There are two reasons: first, regulation and red tape — with little sign of reform — make the region seem hostile to the agile, secure pursuit of business; and secondly, 40 per cent of the economy is informal, the highest in the world. Both of these conditions militate against good governance, enable bribery and corruption and feed the greed of indigenous elites.
However, there is already action in these areas. This week Business Action for Africa, formed by multinational companies, launches a report aimed at improving the business environment of the region; other initiatives, for example the Climate Facility for Africa and the New Partnership for Africa’s Development, point the way to greater transparency and improved governance. They highlight the way forward towards a new economic infrastructure for Africa.
Externally, Africa needs fair access to markets. This is why we must focus on the balance between aid and trade. As we commit to help Africa, we must re-examine our own behaviour. The money we give Africa is beginning to be seen in the context of the money we give to ourselves, for example, in agriculture. The proposed $25 billion (£14 billion) in extra aid is less than half the $55 billion we spend on the Common Agricultural Policy, a form of protectionism that has the effect of keeping food expensive for European Union consumers, shutting out other world producers and artificially setting EU land prices for the benefit of the rentier class.
Tariffs and subsidies are forcing business in developing countries to operate inefficiently in sub-scale local markets, preventing them from accessing global markets and supply chains. These developed world policies are mandating continuing poverty in Africa. They must be seen for what they are.
Internally and externally, rapid change is possible. The case of Uganda, which has been reforming its business environment over the past ten years, shows that private investment can be attracted. Ghana is another example: its poverty reduction strategy has helped to foster thriving business and rising tax revenues, even though the country remains high in the corruption indices.
At a local level, investors and managers need to be creative, persistent and, above all, culturally attuned. Marks & Spencer is making considerable progress in southern Africa in partnership with the Shell Foundation to facilitate a new, locally owned supply chain based upon technology transfer to promote development in the Agulhas Plain, alleviating poverty by creating sustainable employment while protecting a fragile ecosystem. It can be done, it is good business and it feels good to do it.

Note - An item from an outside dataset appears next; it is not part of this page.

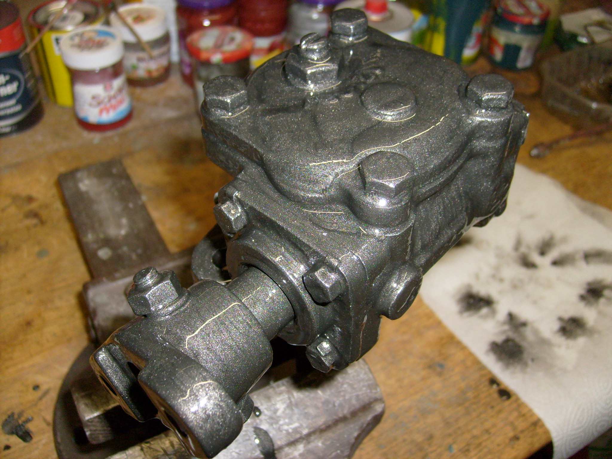 ..und dann auch schön mit Hammerit lackiert. Ebenso wie das Lenkgetriebe, wo bei der Montage bzw. eventueller späterer Reparatur noch die ein oder andere Blessur entstehen kann. Mit Hammerit kan man das optisch gut immer wieder retuschieren....außerdem war die Grundfarbe bei beiden Teilen schwarz..von daher... 8)

Business has a central role to play in the lives of Africans. Internal reforms to improve the business environment and external reforms to improve markets for African countries will, in time, reduce poverty and enable Africans to earn rather than receive. In his book The End of Poverty, Jeffrey Sachs writes of the economic possibilities of our time: to end extreme poverty by 2025, and to ensure that before 2025 the world’s poor countries make progress up the ladder of economic development. Business, operating locally, honestly and creating both a market and supply for skills, is central to that enterprise.